WHAT IS REQUIRED ▸ Using the data that follows, output only the lines from the line with "Création de deux" up to and including the line with "This game-used puck", exactly, leaving pictures aside.

SOURCE MATERIAL ▸
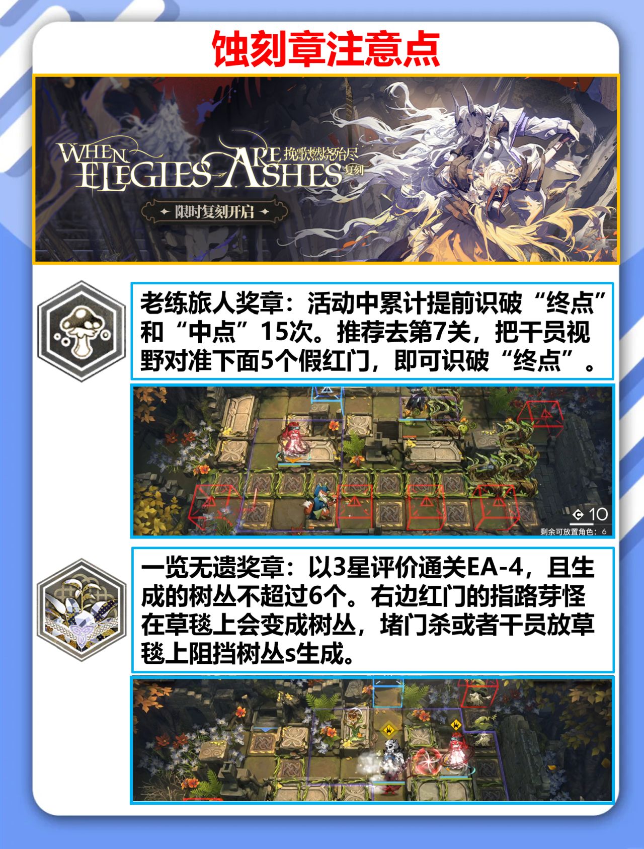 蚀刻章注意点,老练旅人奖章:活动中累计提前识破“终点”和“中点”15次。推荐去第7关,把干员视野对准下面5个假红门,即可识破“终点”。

* * *

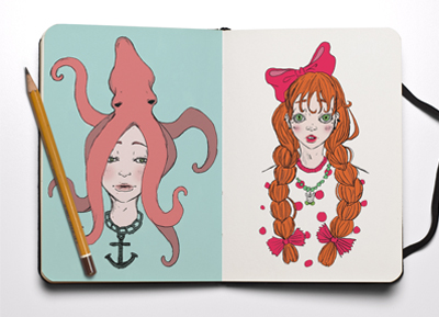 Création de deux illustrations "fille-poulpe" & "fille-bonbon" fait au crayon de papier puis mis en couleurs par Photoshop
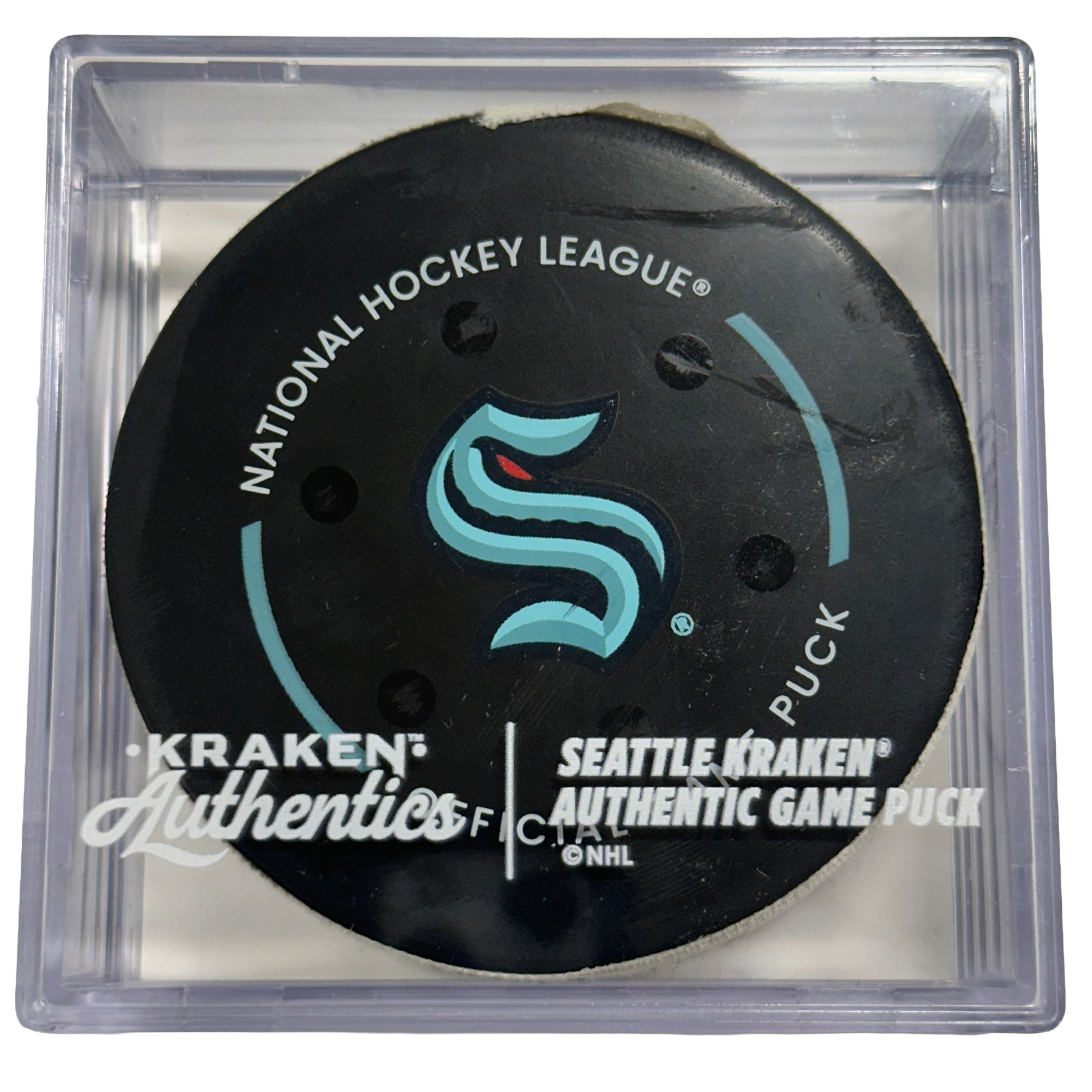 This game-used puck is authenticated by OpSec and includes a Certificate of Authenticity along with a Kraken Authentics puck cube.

* * *

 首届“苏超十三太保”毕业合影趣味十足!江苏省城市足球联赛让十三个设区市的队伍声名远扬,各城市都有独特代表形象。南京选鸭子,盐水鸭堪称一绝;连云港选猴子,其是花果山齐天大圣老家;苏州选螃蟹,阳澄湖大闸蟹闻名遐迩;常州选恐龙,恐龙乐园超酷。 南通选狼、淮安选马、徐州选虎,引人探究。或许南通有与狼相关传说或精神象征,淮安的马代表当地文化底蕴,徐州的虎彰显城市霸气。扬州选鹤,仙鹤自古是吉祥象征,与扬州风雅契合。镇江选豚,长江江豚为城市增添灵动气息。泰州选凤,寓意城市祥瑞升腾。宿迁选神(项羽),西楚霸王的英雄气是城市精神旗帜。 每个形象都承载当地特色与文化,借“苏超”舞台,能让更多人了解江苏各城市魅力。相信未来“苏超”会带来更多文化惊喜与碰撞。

WRITTEN SOLUTION ▸
 Création de deux illustrations "fille-poulpe" & "fille-bonbon" fait au crayon de papier puis mis en couleurs par Photoshop
 This game-used puck is authenticated by OpSec and includes a Certificate of Authenticity along with a Kraken Authentics puck cube.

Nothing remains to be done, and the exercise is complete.